## YOUR GOAL
Your task is to repeat all of the data exactly while excluding the pictures.

## GIVEN MATERIAL
-.-.-
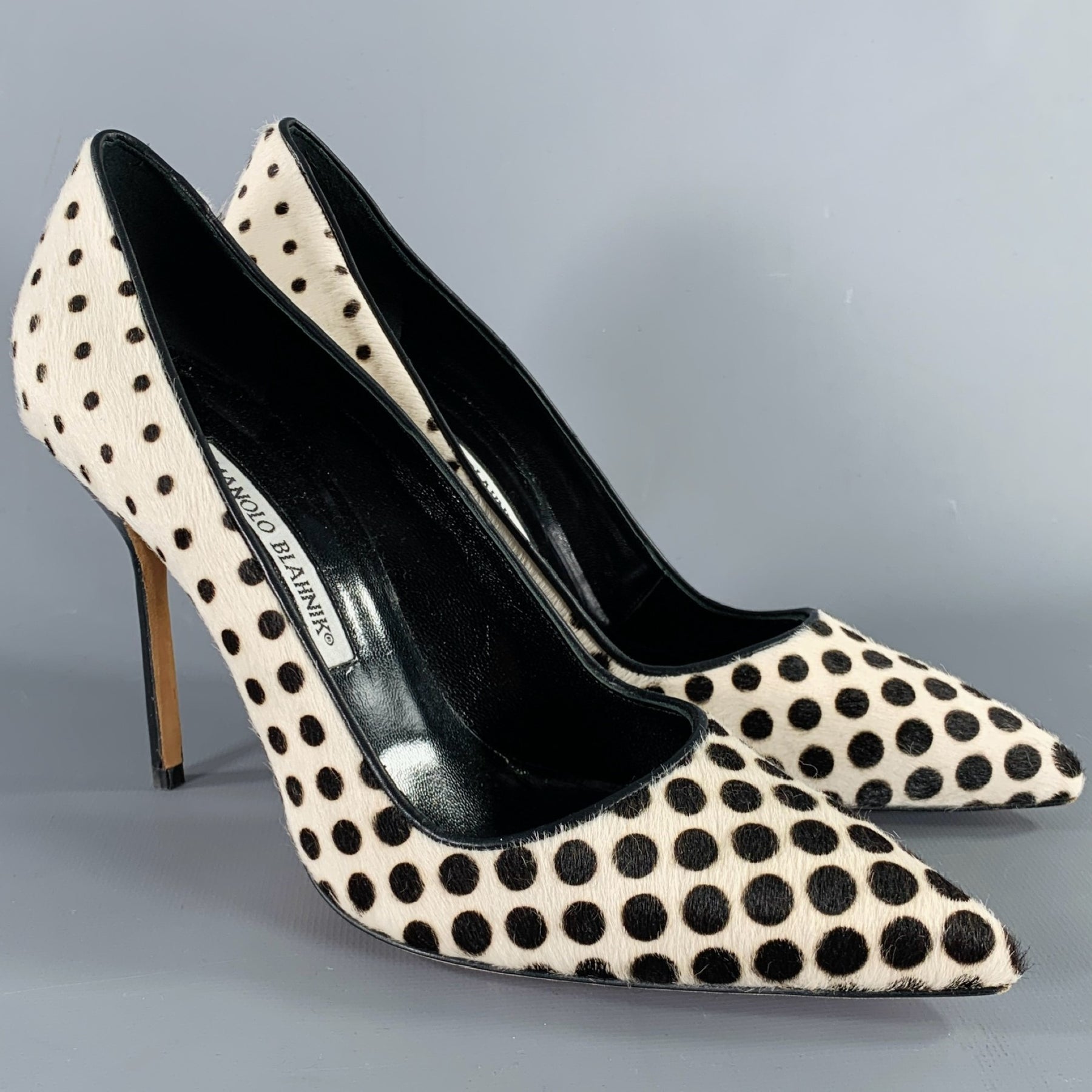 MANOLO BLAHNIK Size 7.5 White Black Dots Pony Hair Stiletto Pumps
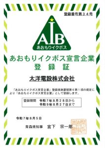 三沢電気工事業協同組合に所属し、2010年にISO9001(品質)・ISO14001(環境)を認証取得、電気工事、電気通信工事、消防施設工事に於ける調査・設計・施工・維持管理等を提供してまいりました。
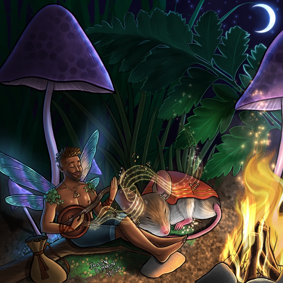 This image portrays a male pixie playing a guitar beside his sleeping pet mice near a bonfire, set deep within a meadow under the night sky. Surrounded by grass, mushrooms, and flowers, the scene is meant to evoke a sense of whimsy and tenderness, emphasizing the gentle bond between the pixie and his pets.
-.-.-
## TASK RESPONSE
 MANOLO BLAHNIK Size 7.5 White Black Dots Pony Hair Stiletto Pumps
 三沢電気工事業協同組合に所属し、2010年にISO9001(品質)・ISO14001(環境)を認証取得、電気工事、電気通信工事、消防施設工事に於ける調査・設計・施工・維持管理等を提供してまいりました。
 This image portrays a male pixie playing a guitar beside his sleeping pet mice near a bonfire, set deep within a meadow under the night sky. Surrounded by grass, mushrooms, and flowers, the scene is meant to evoke a sense of whimsy and tenderness, emphasizing the gentle bond between the pixie and his pets.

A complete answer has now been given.